• [Input data]:
──────────

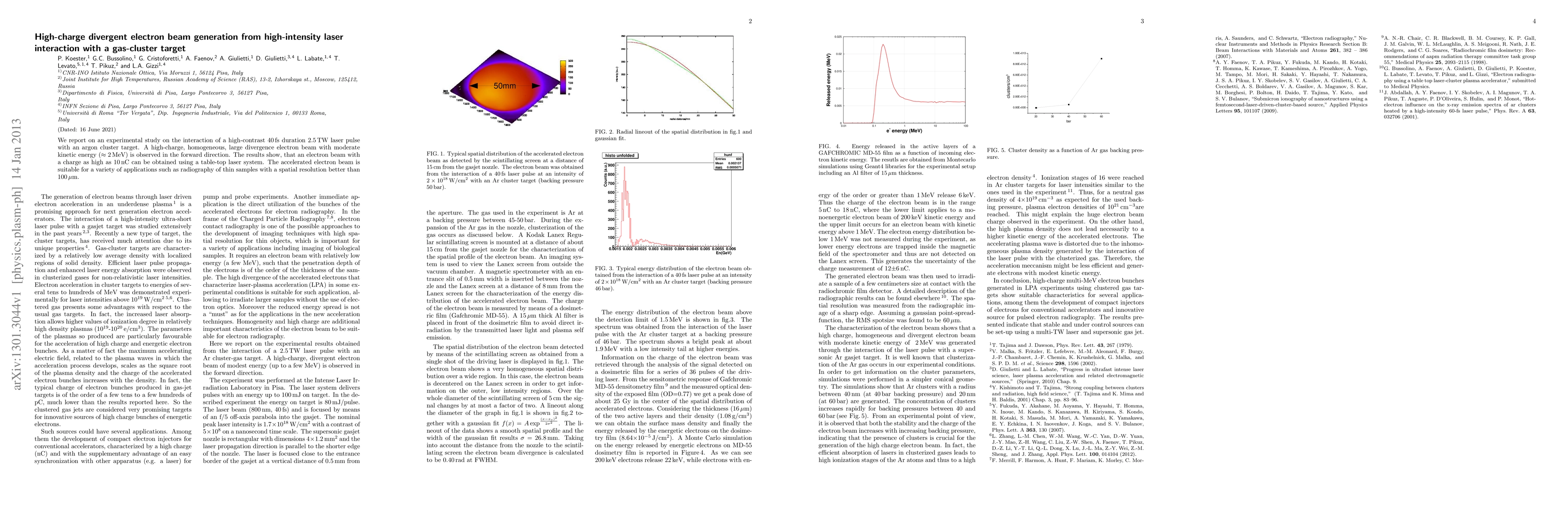 This study demonstrates the generation of a high-charge, large divergence electron beam via a high-intensity laser interacting with an argon cluster target, achieving up to 10 nC charge and ~2 MeV kinetic energy, suitable for high-resolution radiography.
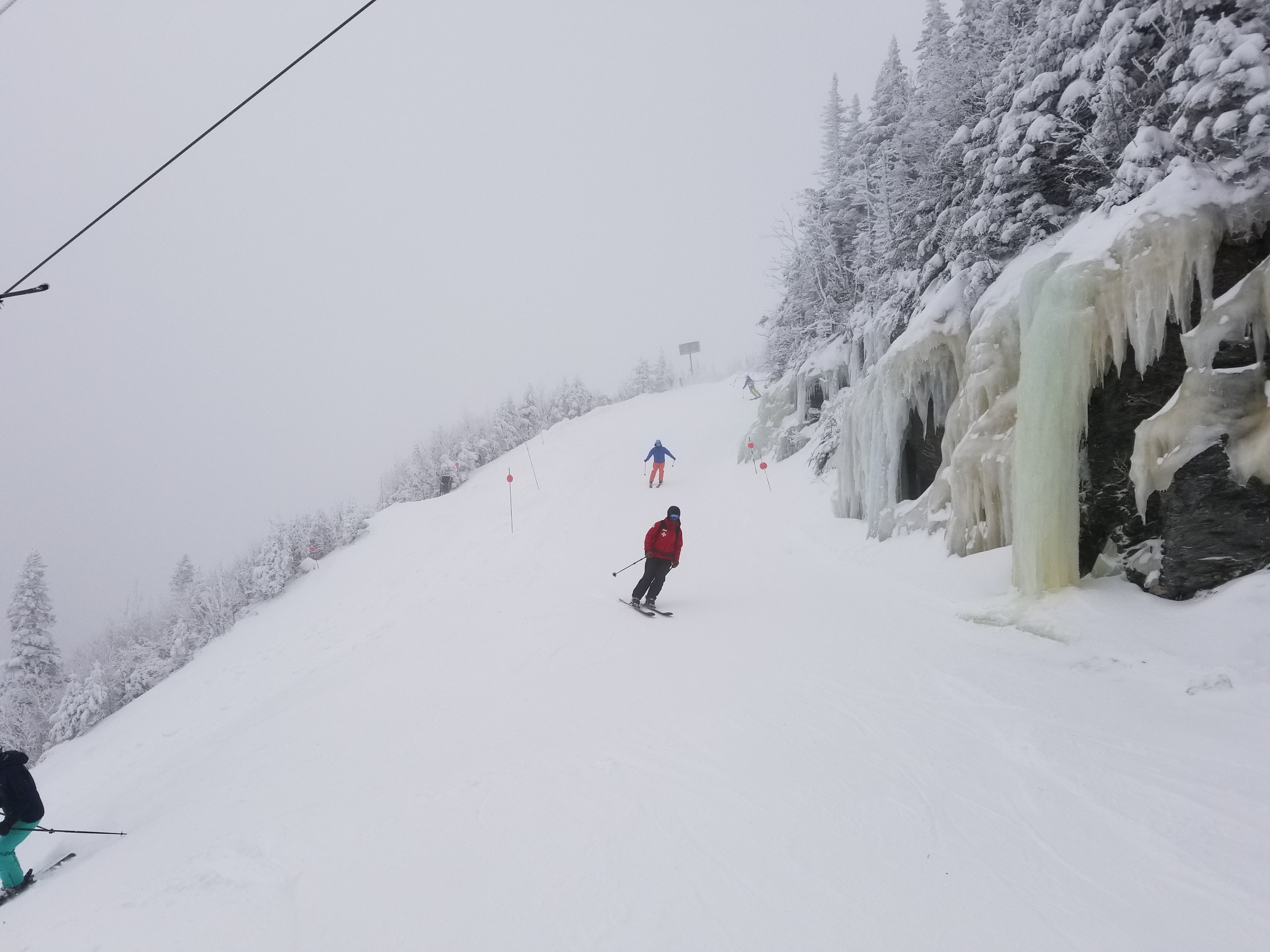 Woke up Sunday to a foot and still snowing hard..now were talking. Skied all day in the best conditions of the year. Hit all the usual suspects..Goats a favorite. Around noon a freezing mist and fog blew in. Now it got tough. At least half the crowd was gone..and so where my legs and visibility. Called it at 1..couldnt see anymore and everyone was crashing all over the place.
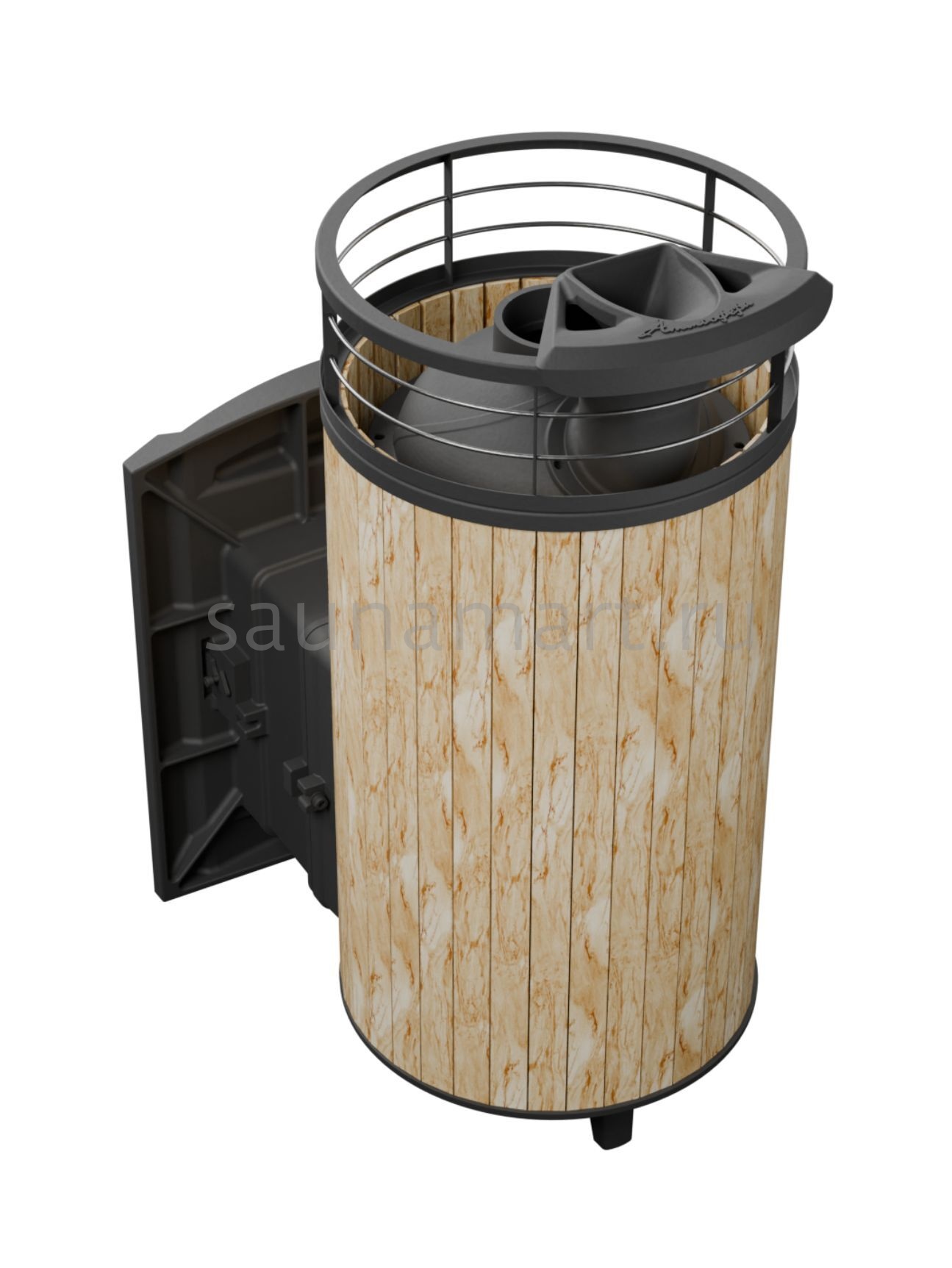 Модель с увеличенной каменкой и повышенной производительностью. Ламели по периметру внешней каменки не только обладают хорошими теплонакопительными свойствами, но и придают печи оригинальный внешний вид

──────────

• [Task objective]: Give back, exactly as written, the lines from the top of the material through the line with "Woke up Sunday", ends included and pictures left aside.

• [Solution to the exercise]:
 This study demonstrates the generation of a high-charge, large divergence electron beam via a high-intensity laser interacting with an argon cluster target, achieving up to 10 nC charge and ~2 MeV kinetic energy, suitable for high-resolution radiography.
 Woke up Sunday to a foot and still snowing hard..now were talking. Skied all day in the best conditions of the year. Hit all the usual suspects..Goats a favorite. Around noon a freezing mist and fog blew in. Now it got tough. At least half the crowd was gone..and so where my legs and visibility. Called it at 1..couldnt see anymore and everyone was crashing all over the place.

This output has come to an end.